● **Requirement**: From top to bottom, return the listing exactly as it appears, omitting its images.

● **Information shown**:
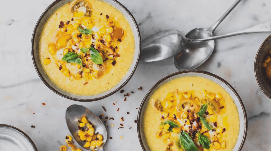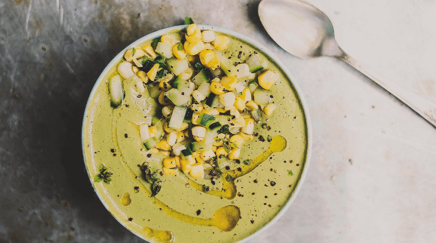 Температура в летнюю жару не всегда вдохновляет на готовку. Однако есть рецепты, которые не требуют много усилий, а на выходе получаются очень освежающими и вкусными. Один из них — крем-суп из базилика с кукурузно-огуречным салатом.
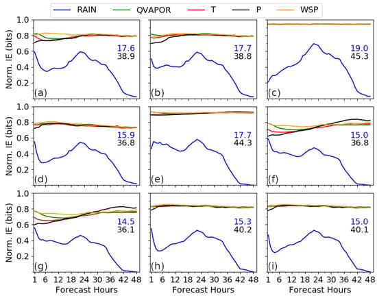 The amount of useful information the ensemble has according to its members, the information entropy (IE), Equation (2), is plotted in Figure 7, normalized with the maximum theoretical value of this ensemble. A value of one would indicate that all members contributed equally to the ensemble, i.e., each member provides the same amount of useful information. A value of zero indicated that only one member was sufficient to describe the meteorological conditions because the model was certain about the outcome. The evolution of the spatially-averaged IE appears in Figure 7a, while the time-averaged IE is shown in Figure 7b,f, for all five meteorological variables analyzed in this study.
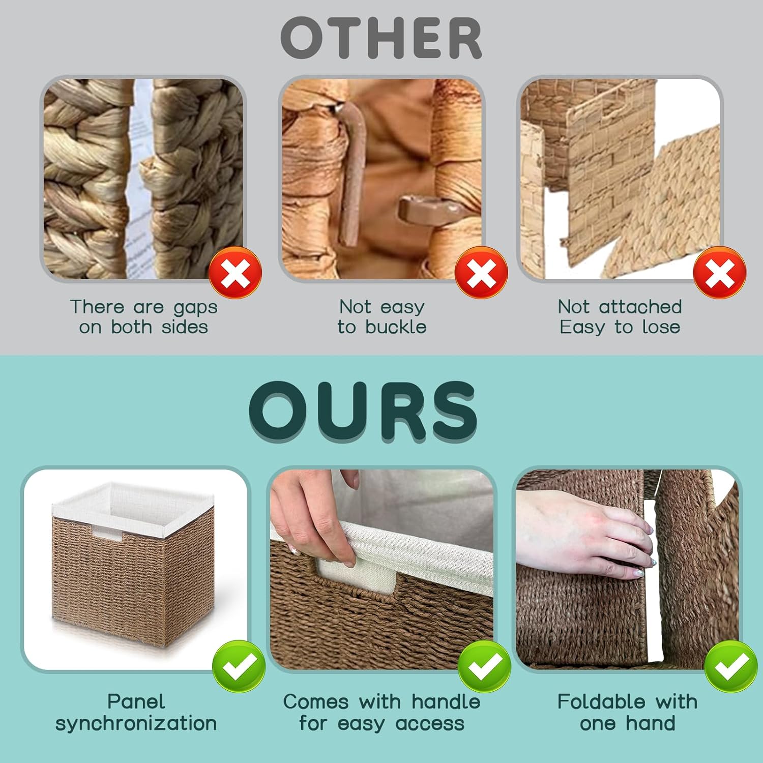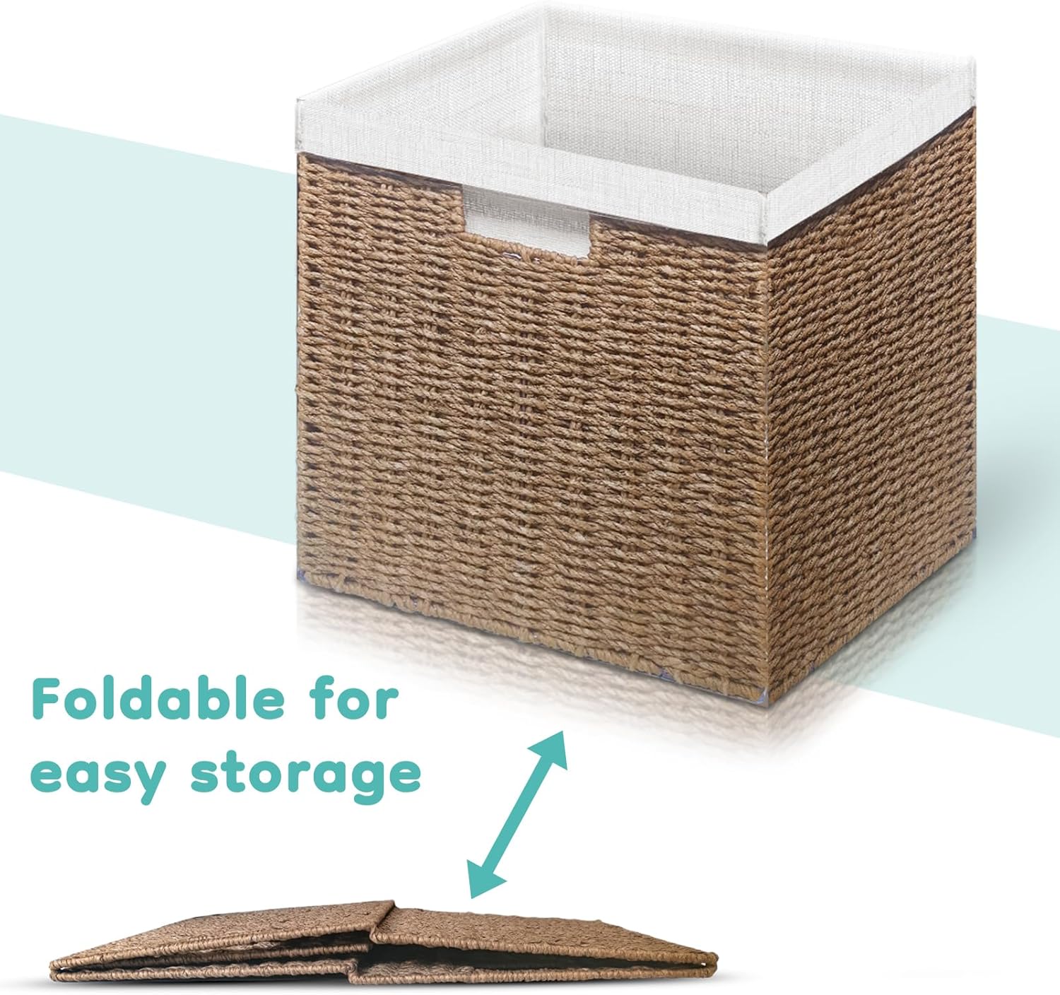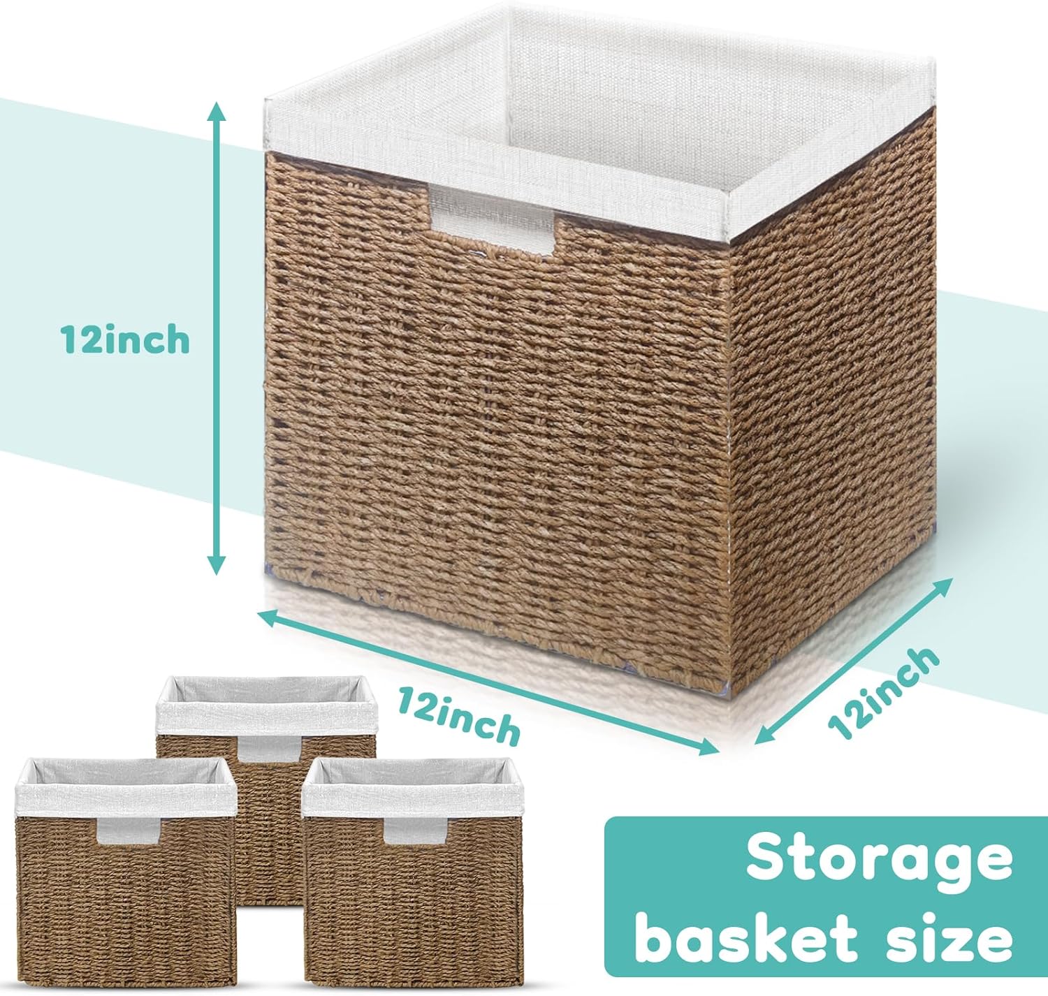 Made from 100% recycled paper rope, these square, cube-shaped baskets are not only stylish but also safe for your home and the environment. Measuring 12 inches on all sides, they fit perfectly under tables or in cube storage cabinets. Each basket features two convenient cutout handles for easy carrying and comes with a liner for added beauty. When not in use, simply fold them flat to save space. Ideal for organizing toiletries, towels, blankets, and more.

● **Written reply**:
 Температура в летнюю жару не всегда вдохновляет на готовку. Однако есть рецепты, которые не требуют много усилий, а на выходе получаются очень освежающими и вкусными. Один из них — крем-суп из базилика с кукурузно-огуречным салатом.
 The amount of useful information the ensemble has according to its members, the information entropy (IE), Equation (2), is plotted in Figure 7, normalized with the maximum theoretical value of this ensemble. A value of one would indicate that all members contributed equally to the ensemble, i.e., each member provides the same amount of useful information. A value of zero indicated that only one member was sufficient to describe the meteorological conditions because the model was certain about the outcome. The evolution of the spatially-averaged IE appears in Figure 7a, while the time-averaged IE is shown in Figure 7b,f, for all five meteorological variables analyzed in this study.
 Made from 100% recycled paper rope, these square, cube-shaped baskets are not only stylish but also safe for your home and the environment. Measuring 12 inches on all sides, they fit perfectly under tables or in cube storage cabinets. Each basket features two convenient cutout handles for easy carrying and comes with a liner for added beauty. When not in use, simply fold them flat to save space. Ideal for organizing toiletries, towels, blankets, and more.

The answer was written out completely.